Pictures are not repeated. Every line from the beginning of the entries through the one with "Do you have" is restated exactly.

### Extracted data entries
────────────────────
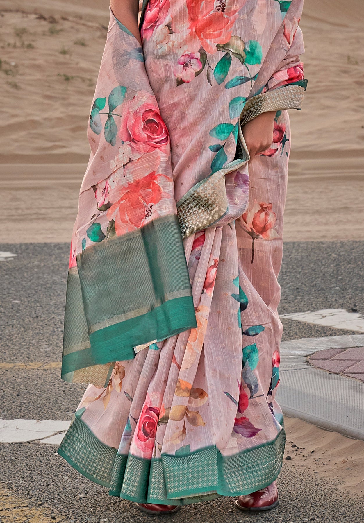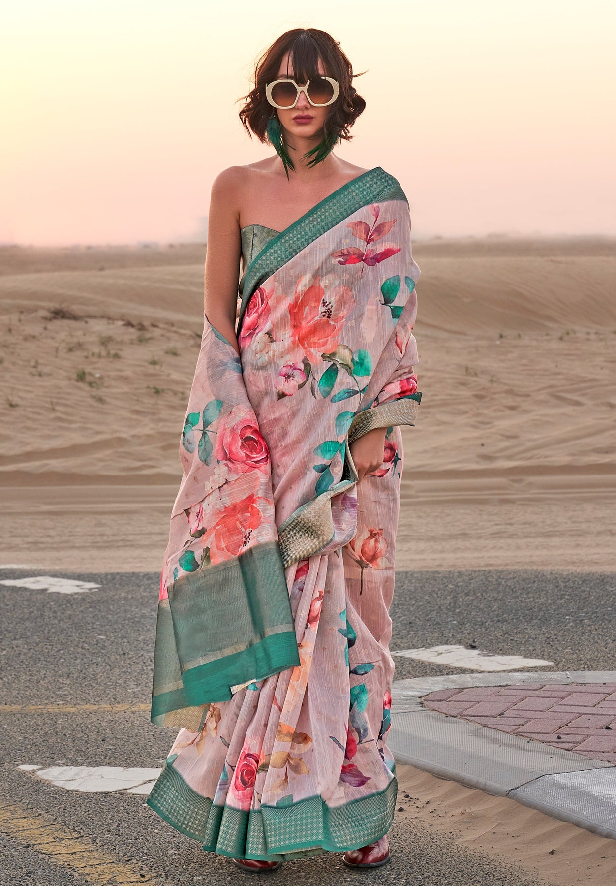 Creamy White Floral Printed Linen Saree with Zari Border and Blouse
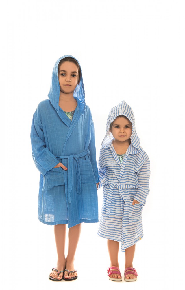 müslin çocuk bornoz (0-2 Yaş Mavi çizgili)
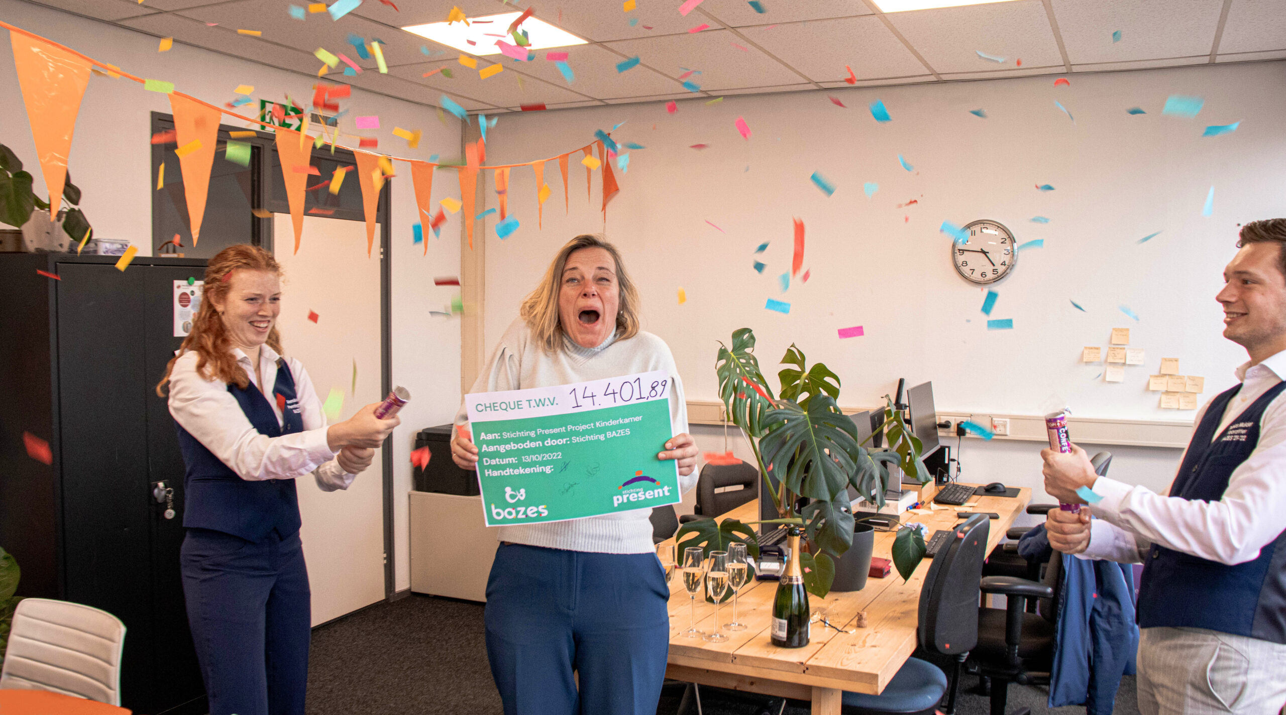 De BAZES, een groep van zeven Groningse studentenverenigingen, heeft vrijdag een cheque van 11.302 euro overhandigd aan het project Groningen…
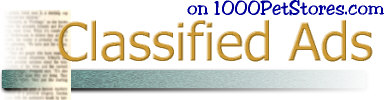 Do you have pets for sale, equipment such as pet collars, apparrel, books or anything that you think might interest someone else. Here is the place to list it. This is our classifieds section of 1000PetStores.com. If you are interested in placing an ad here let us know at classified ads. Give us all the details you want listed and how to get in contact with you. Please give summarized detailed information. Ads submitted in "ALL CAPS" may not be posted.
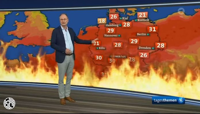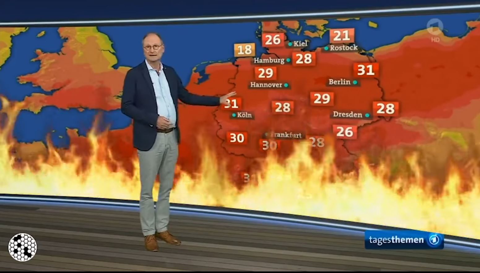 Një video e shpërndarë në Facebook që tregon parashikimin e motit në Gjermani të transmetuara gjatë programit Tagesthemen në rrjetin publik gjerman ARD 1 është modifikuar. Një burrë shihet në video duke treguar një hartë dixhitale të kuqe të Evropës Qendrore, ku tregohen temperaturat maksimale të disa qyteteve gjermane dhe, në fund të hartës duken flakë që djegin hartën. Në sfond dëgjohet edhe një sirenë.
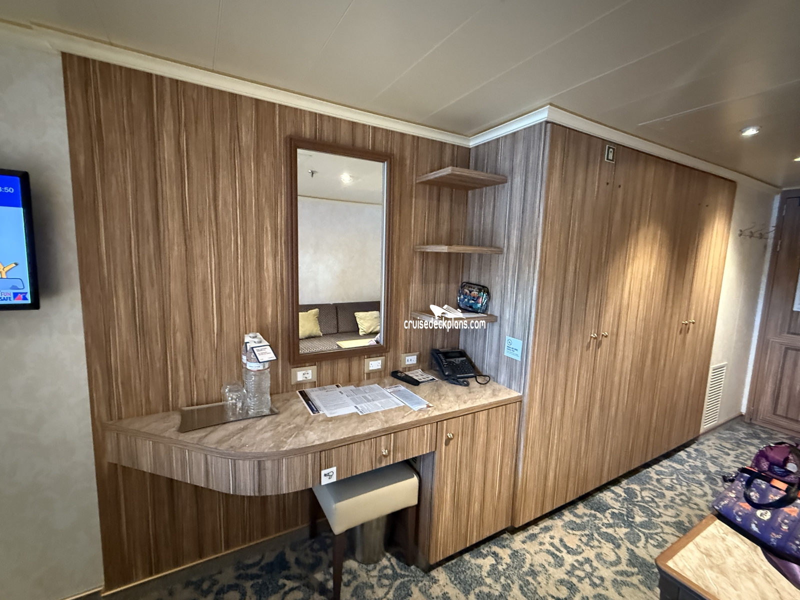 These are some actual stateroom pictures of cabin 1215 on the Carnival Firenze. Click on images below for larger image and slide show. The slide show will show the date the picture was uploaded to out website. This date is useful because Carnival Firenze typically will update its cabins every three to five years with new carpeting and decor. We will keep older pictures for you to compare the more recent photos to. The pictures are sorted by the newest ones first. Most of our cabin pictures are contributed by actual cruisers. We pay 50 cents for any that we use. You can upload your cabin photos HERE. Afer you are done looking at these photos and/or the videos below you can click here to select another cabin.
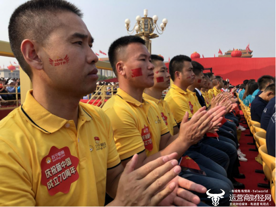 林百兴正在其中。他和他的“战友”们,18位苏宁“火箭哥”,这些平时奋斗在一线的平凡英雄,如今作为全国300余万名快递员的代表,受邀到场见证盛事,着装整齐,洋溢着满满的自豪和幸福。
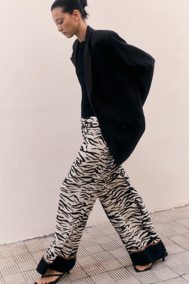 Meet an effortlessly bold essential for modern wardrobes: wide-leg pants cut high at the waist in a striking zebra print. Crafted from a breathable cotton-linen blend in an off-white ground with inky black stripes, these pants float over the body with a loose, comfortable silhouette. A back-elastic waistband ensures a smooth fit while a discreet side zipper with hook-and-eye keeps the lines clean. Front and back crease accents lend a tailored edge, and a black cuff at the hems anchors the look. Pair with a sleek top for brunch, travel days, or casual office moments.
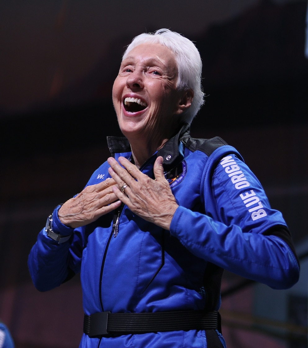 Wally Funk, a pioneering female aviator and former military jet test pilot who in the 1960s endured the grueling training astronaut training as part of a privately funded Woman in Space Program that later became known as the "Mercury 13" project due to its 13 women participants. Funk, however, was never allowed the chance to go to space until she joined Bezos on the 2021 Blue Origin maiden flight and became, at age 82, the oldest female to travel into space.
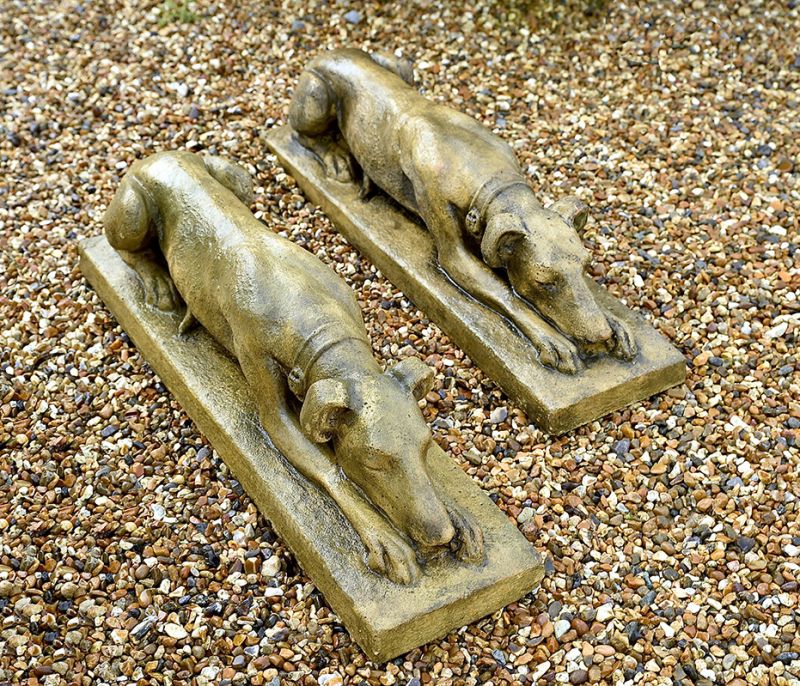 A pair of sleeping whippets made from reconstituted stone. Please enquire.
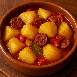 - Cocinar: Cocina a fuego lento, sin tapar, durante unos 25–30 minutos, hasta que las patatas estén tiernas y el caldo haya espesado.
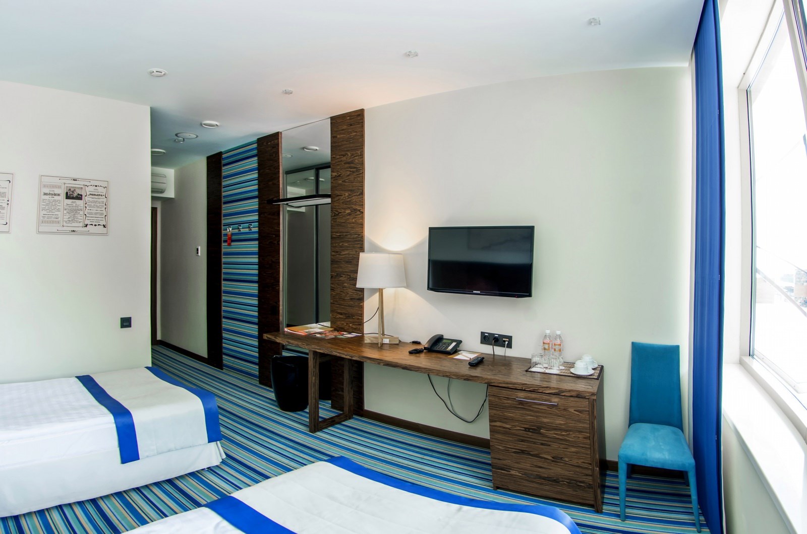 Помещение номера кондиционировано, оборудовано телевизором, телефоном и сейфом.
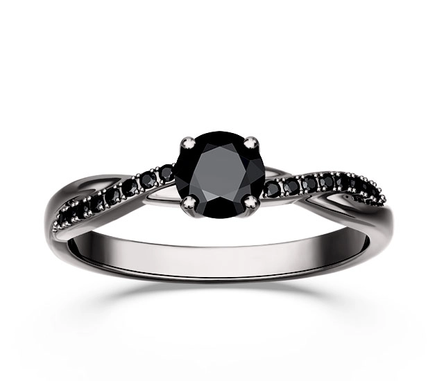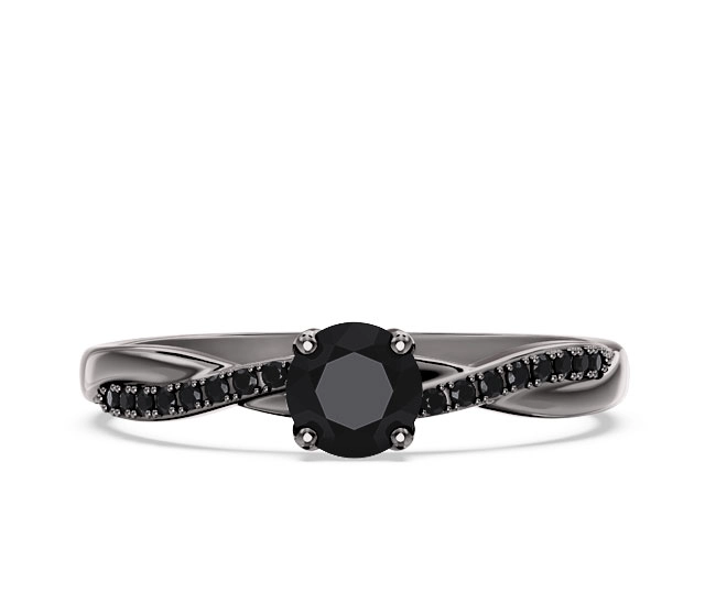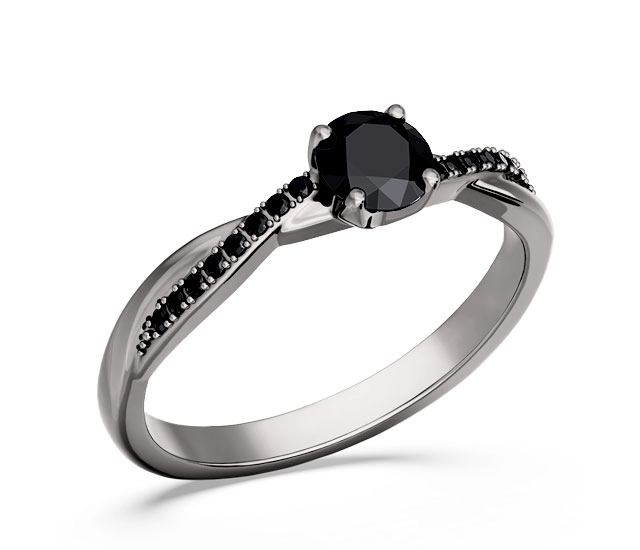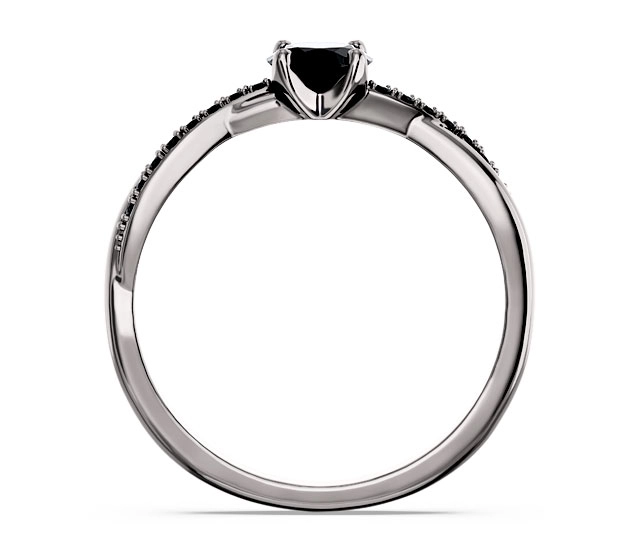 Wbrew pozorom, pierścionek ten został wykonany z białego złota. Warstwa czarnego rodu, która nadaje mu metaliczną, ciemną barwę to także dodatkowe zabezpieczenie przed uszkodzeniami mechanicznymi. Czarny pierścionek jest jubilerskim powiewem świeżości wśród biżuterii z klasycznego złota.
────────────────────
### SOLUTION FOR THIS PROBLEM
 Creamy White Floral Printed Linen Saree with Zari Border and Blouse
 müslin çocuk bornoz (0-2 Yaş Mavi çizgili)
 De BAZES, een groep van zeven Groningse studentenverenigingen, heeft vrijdag een cheque van 11.302 euro overhandigd aan het project Groningen…
 Do you have pets for sale, equipment such as pet collars, apparrel, books or anything that you think might interest someone else. Here is the place to list it. This is our classifieds section of 1000PetStores.com. If you are interested in placing an ad here let us know at classified ads. Give us all the details you want listed and how to get in contact with you. Please give summarized detailed information. Ads submitted in "ALL CAPS" may not be posted.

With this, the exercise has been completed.